Politique

Economie critique(s) : L’illusion de la « relance européenne »




À l’initiative de la France et de l’Allemagne, un plan de relance a été proposé par la Commission européenne pour un montant total de 750 milliards d’euros. Il pourrait donc être tentant d’y voir une étape décisive de la construction européenne au cœur de la crise du coronavirus.

Mais dans ce genre de négociations, le diable est toujours dans les détails. Il est probable qu’un accord finisse par être trouvé, mais son sens dépendra entièrement de ses modalités : sera-t-il étalé jusqu’en 2022 ou en 2024 ? Sera-t-il soumis à des conditions de « bonne gouvernance » de la part des pays du sud de l’Europe ? Sera-t-il plutôt composé de prêts ou de subventions ? La réponse à chacune de ces questions déterminera si les pays du nord continuent d’approfondir la mise sous tutelle des pays du sud ou si la construction européenne s’achemine réellement vers une nouvelle étape de son histoire. Or, le rapport de force reste favorable aux pays du nord, et il est probable qu’ils parviennent à vider le plan de son sens fédéraliste malgré le retournement de la position allemande.

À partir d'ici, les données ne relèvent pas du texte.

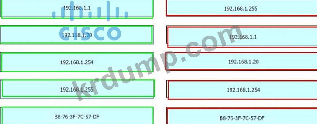 엔지니어는 팀 리더에게 다시 보고하기 위해 클라이언트 워크스테이션에서 네트워크 구성 매개변수를 확인하는 임무를 받습니다. 왼쪽의 노드 식별자를 오른쪽의 네트워크 매개변수로 끌어다 놓습니다.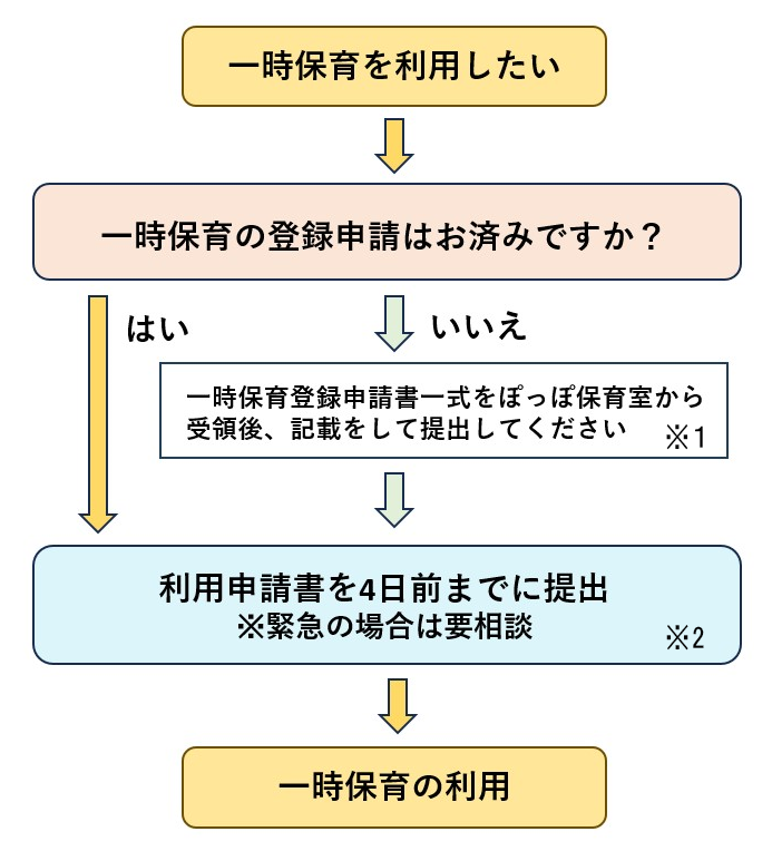 事前に一時保育登録申請書等、必要書類を提出して登録を行い、事前打ち合わせを済ませ予約・調整後利用可能に案ります。(緊急の場合はご相談ください。)

Les commentateurs naïfs qui ont comparé la proposition franco-allemande au moment historique où, en 1790, les États-Unis sont pleinement devenus un État fédéral en choisissant d’émettre une dette commune, risquent d’être vite déçus. À l’heure où nous écrivons, l’état des négociations prévoit déjà que de nombreuses « réformes » seront exigées des pays du sud pour recevoir les subventions. Autant dire qu’on est encore bien loin d’une situation où les États membres seraient traités par l’UE de la même manière que la France finance ses régions ou ses départements. De lourdes mesures d’austérité seront sans doute exigées pour le déblocage des fonds, mesures qui ne manqueront pas d’approfondir la faiblesse économique structurelle des pays du sud. Un remake à grande échelle de la crise grecque de 2015 est à craindre.

Étant avant tout un marché unique, l’Union Européenne a elle-même approfondi les conditions qui l’empêchent aujourd’hui de définir une politique de relance ambitieuse à échelle fédérale. En abattant les frontières économiques intérieures tout en maintenant ses frontières extérieures, elle a contribué à la polarisation du capitalisme européen : à l’image de ce qui s’est déroulé au XIXe siècle dans chaque pays pris séparément, les différents secteurs se sont concentrés dans des régions localisées. En résultent des spécialisations très inégales et des déséquilibres profonds, à l’avantage de pays comme l’Allemagne qui ont pu conserver voire développer leur tissu industriel tandis que les pays du sud, peu compétitifs, étaient dépouillés de leurs usines. Ce processus n’a eu de cesse de s’approfondir, de sorte que les intérêts des différents pays européens sont de plus en plus divergents sur le plan économique. Le transfert systématique des richesses entre les territoires reste à ce jour ce qui met en jeu l’existence même de la construction européenne.